松下昇への接近

 旧 湾曲していく日常

プライバシーの暴露は重罪

kazhik 2007/12/25 19:16 fshisoの話題が出てきたのでちょっとだけコメントさせてください。私はfshiso出身で、『反論』について書評を書いたことがあります。(http://kazhik.net/soc/?p=10)
noharra さんが解説している通り、fshisoではプライバシーの暴露は重罪でした。運営に批判的だった私もその点だけは支持していました。しかし、実名より匿名のほうが「理性の公共的使用につながりやすい」とまで言えるとは思えません。ハンドル名だけで実名を公開しない場合、その人の発言は実社会での地位とは関係なくなりますが、ネット社会で特定のハンドル名が名声を獲得する場合もありますし、逆にその名誉が毀損される場合もあります。fshisoの場合、プライバシーの侵害はたしかにありませんでしたが、名誉棄損は日常茶飯事でした。そもそもfshisoの運営側は名誉棄損訴訟で負けた側、つまり結果として名誉棄損を擁護した側です。プライバシーの問題も実名/匿名の問題も、「理性の公共的使用」という観点からはあまりにレベルの低い問題だと言えます。

FSHISO出身者からコメントいただいた。うれしい。kazhikさんありがとう。

kazhikさん コメントありがとうございます。

kazhikさんがFSHISO出身とは知りませんでした。いつごろ参加されていたのですか。「運営」のあり方も時期によってずいぶん違っていたようなので。私が参加したのはシスオペがWAKEIさんの最後のころで、抜けたのは2001年の半ばころです。
「実名より匿名のほうが「理性の公共的使用につながりやすい」とまで言えるとは思えません。」そうですね。

言葉の一つ一つに一意の作者(id)がつけられ、まともな反論に対しては応答がなされるべきという常識が成立していること。
発言の削除訂正は作者によっても無条件に行いえないこと。

といった条件は「理性の公共的使用につながりやすい」と評価してもいいのではないでしょうか。
 アゴーンと言えばもっともらしいが実際はたんなる喧嘩口論が延々と続くだけと言えるようなものが多かったことも確かでしょう。
 ただそこでは、「討論の追求」といった価値観については誰も疑わず強く共有されていたという感じがします。そのような常識とそれから討論への熱意はやはり振り返って確認するに足りるものだと思います。

ネット社会で特定のハンドル名が名声を獲得する場合もありますし、逆にその名誉が毀損される場合もあります。fshisoの場合、プライバシーの侵害はたしかにありませんでしたが、名誉棄損は日常茶飯事でした。

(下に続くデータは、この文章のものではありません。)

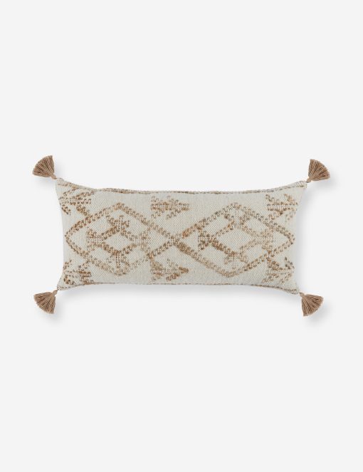 A striking, vintage-inspired pattern pops off this neutral-toned lumbar accent pillow to bring timeless, understated appeal to your sofa or bed. For a touch of flair, four corner tassels complete this decorative pillow’s look.

ネット社会だけ考えれば「名誉棄損」というのはあまり成り立たないと思います。*1 馬鹿と書かれれば馬鹿と書き返せば良い、で済むと認識すれば「名誉棄損」という必要は狭まりますよね。

fshisoの運営側は名誉棄損訴訟で負けた

というのは地裁判決であり、高裁判決で覆りました。
参考 http://d.hatena.ne.jp/noharra/11000202#p1

(http://kazhik.net/soc/?p=10)
いまから読んでみます。

なお、朝鮮民主主義研究センターのサイトで、リムジンガン日本語版のウェブサイトの開設を知りました。kazhikさんが強調されるとおりこれは画期的な企画だと思いました。12/27付けでkazhikさんの文章も借り宣伝させてもらうことにしました。
北朝鮮に付いてはふつうに発言しようとするだけで余計な苦労が必要という気がします。「弯曲」を越えて発言を持続されていることに大きな敬意を持っております。ありがとうございます。

*1:厳密には成り立たないわけではないが。